FLICKR, HILDGRIMUpdate (July 13): Dehnavi and his family were sent back to Iran after being held at Boston’s Logan International Airport by US Customs and Border Protection (CBP) for several hours earlier this week.

“This individual was deemed inadmissible to the U.S. based on information discovered during the [customs] inspection for reasons unrelated to the [Trump administration’s] Executive Order,” the CBP says in a statement reported by several news outlets, including the Boston Globe.

According to the Associated Press and other media outlets, Iranian state television showed footage today of Dehnavi serving as the head of a student branch of a voluntary paramilitary militia in Iran, several years ago.

The television report also included a comment from Dehnavi, the Associated Press reported: “The topic of our research was health and saving ill people fighting cancer from this dangerous disease, but they didn’t allow us entry, despite, as I...

Officials have detained an Iranian cancer researcher at Logan International Airport in Boston since yesterday (July 10). His wife and three young children travelled from Iran with the scientist, Mohsen Dehnavi, who was hoping to start work as a visiting scholar at Boston Children’s Hospital.

“Boston Children’s hopes that this situation will be quickly resolved and Dr. Dehnavi and his family will be released and allowed to enter the U.S.,” Rob Graham, hospital spokesperson, tells STAT.

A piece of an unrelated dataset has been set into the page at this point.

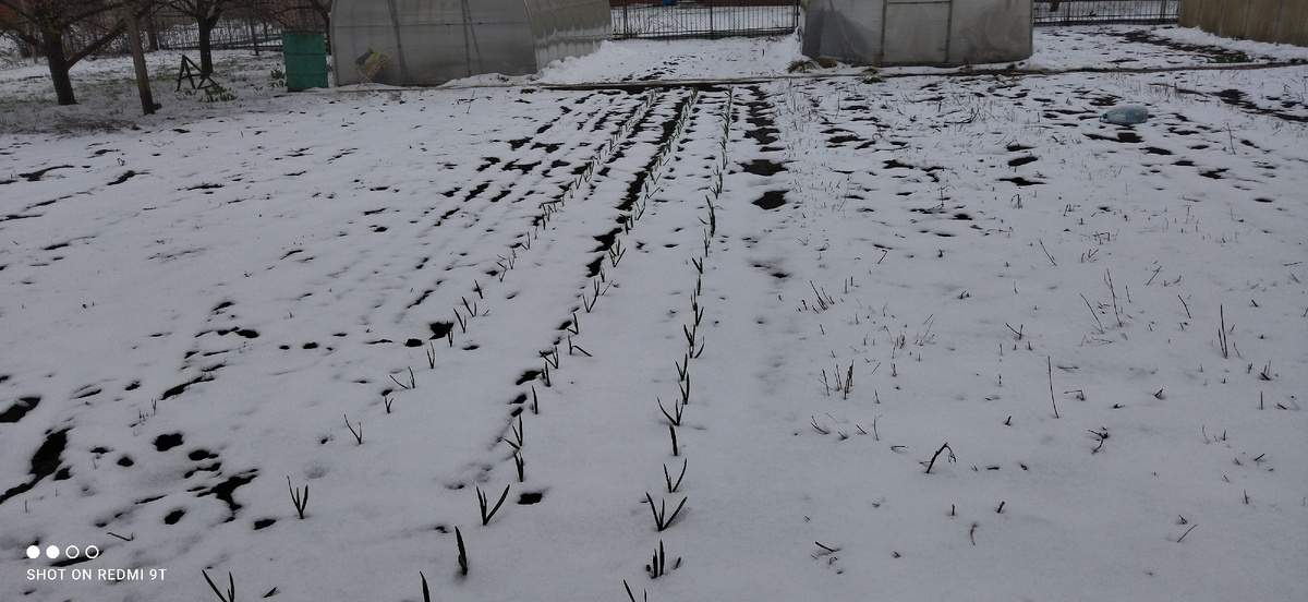 Зима ,конечно, нынче испытывала нас! Снега было столько! Снег быстро растаял! И чеснок уже из под снега виден был щёткой! Но к сожалению никакой уход пока не можем проводить! Очень сыро! А надо бы!

Dehnavi’s detention comes after the US Supreme Court upheld last month a twice-revised executive order from President Donald Trump that sought to ban travel to the U.S. for residents of several Muslim-majority countries, including Iran. The Court ruled, however, that current visa holders would be allowed to travel to and from the U.S. and that “a worker who accepted an offer of employment from an American company or a lecturer invited to address an American audience” would also be exempt from the travel ban. This alteration to the Trump travel ban gave international researchers some hope that they’d be able to travel freely to the U.S.

See “Supreme Court Reinstates Trump Travel Ban

According to the Boston Globe, Dehnavi was entering the U.S. on a J-1 visa—commonly issued to students and other academics studying or working at American universities—that he had secured back in May. It’s not clear whether the travel ban is to blame, but as STAT notes, the president of the president of the National Iranian American Council holds the policy responsible.

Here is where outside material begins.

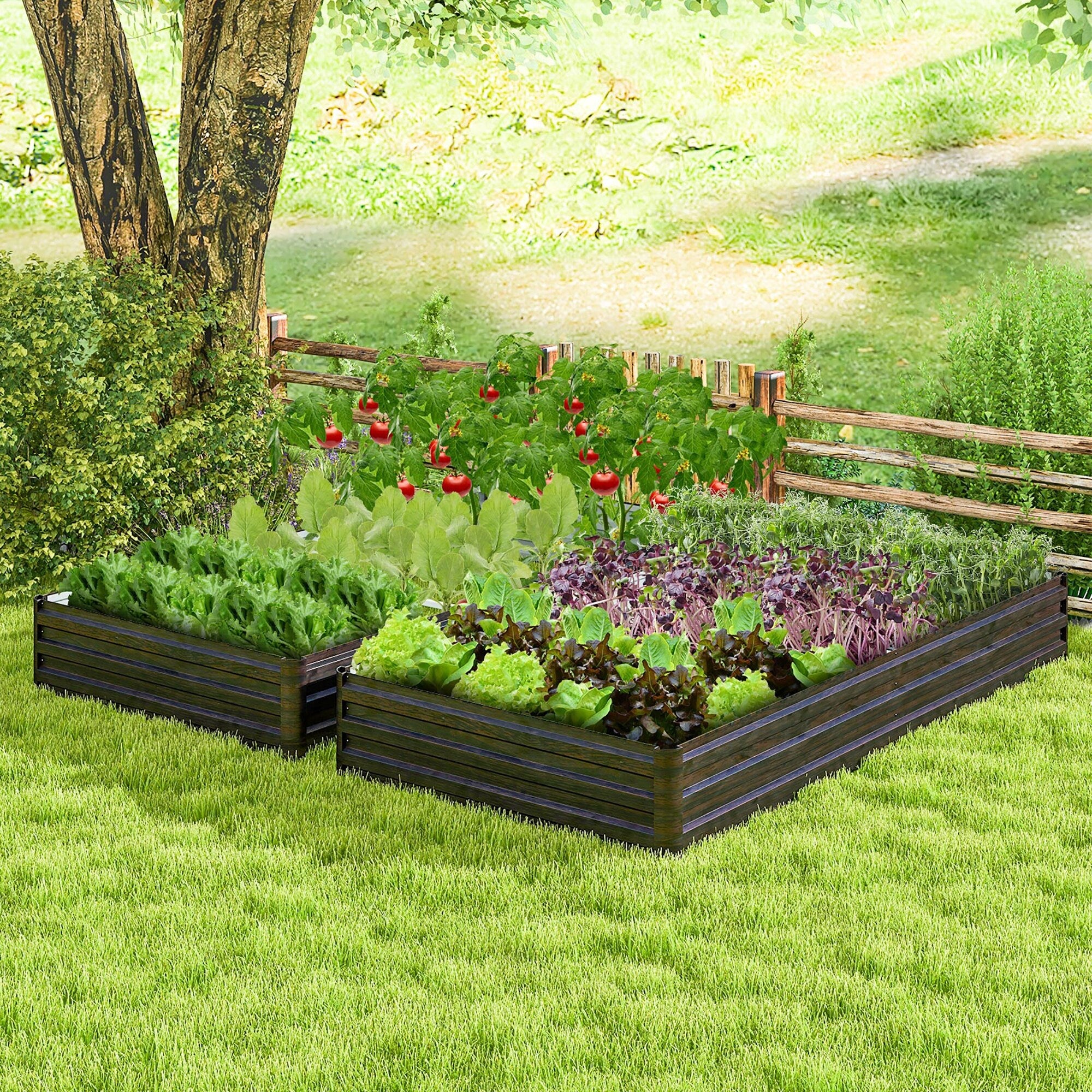 Gymax 2 PCS Raised Garden Bed Large Metal Planter Box Kit for

A friend of Dehnavi, Boston Children’s researcher Mohammad Rashidan, tells STAT that officials at Logan International told him the Iranian scientist and his family would likely be sent back to Iran today and would need to complete further paperwork before being allowed into the U.S. “I don’t really know what the source of the problem is,” Rashidan, who was supposed to pick up the Dehnavi family at the airport yesterday, tells STAT. “They were so worried.”

Editor’s note (July 13): The headline and subhead of this article were updated to include news of Dehnavi’s return to Iran.